OK, I've been able to add indeterminate_error to those tests. With this additional error type, the last test (line 110) ends up with a make_policy() of 11 arguments so I had to add a new overload. I think it's normal since the maximum number of arguments should be the same as the total number of types that policy<> can handle, right?
Yep, and it's possible that we may need to add more template arguments to policy<> now that we're adding more policies, it's just something I've been putting off - especially as it may bump up compile times :-(
What compiler/platform/errors? There are a small number of fixes to in the Trunk for that test as well that haven't been back-merged to the Sandbox yet: can you see if the Trunk version of that test passes for you?
Indeed, it passes in Trunk so I think a merge to the sandbox would fix the problem. I compile with GCC 4.2.3 on a Kubuntu Hardy 32 bits. The output is:
====== BEGIN OUTPUT ====== Running 1 test case... Testing type float unknown location(0): fatal error in "test_main_caller( argc, argv )": memory access violation at address: 0xbf10dfec: no mapping at fault address test_tr1.cpp(52): last checkpoint
*** 1 failure detected in test suite "Test Program"

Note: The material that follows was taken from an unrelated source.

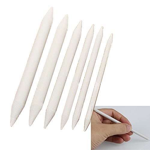 Kangkang@ 6 Pcs/Set Double Ended Durable Art Drawing Pen Tools Stump Sketch Blending Paper Stump Smudge Tortillion Stick Tool White
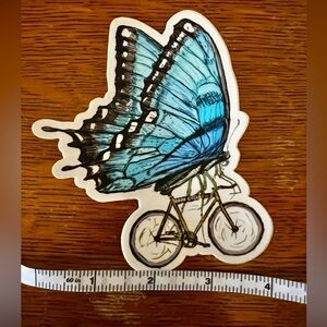 Add a whimsical touch to your space with this blue butterfly in a bicycle sticker. Perfect for vehicles, bikes, laptops, water bottles or anything you want to put a sticker on.

EXIT STATUS: 201 ====== END OUTPUT ======
The error occurs on the line testing expm1. Commenting it out makes the test pass. If you merge your recent fixes back to the sandbox I can test again to see if it solves the issue.
OK I think I know what the issue is then: I don't really want to back merge from Trunk to sandbox until we're ready to synchonise the two - it's so much easier to keep track of things if the two versions get synchonised in both directions rather than making add-hock changes to both.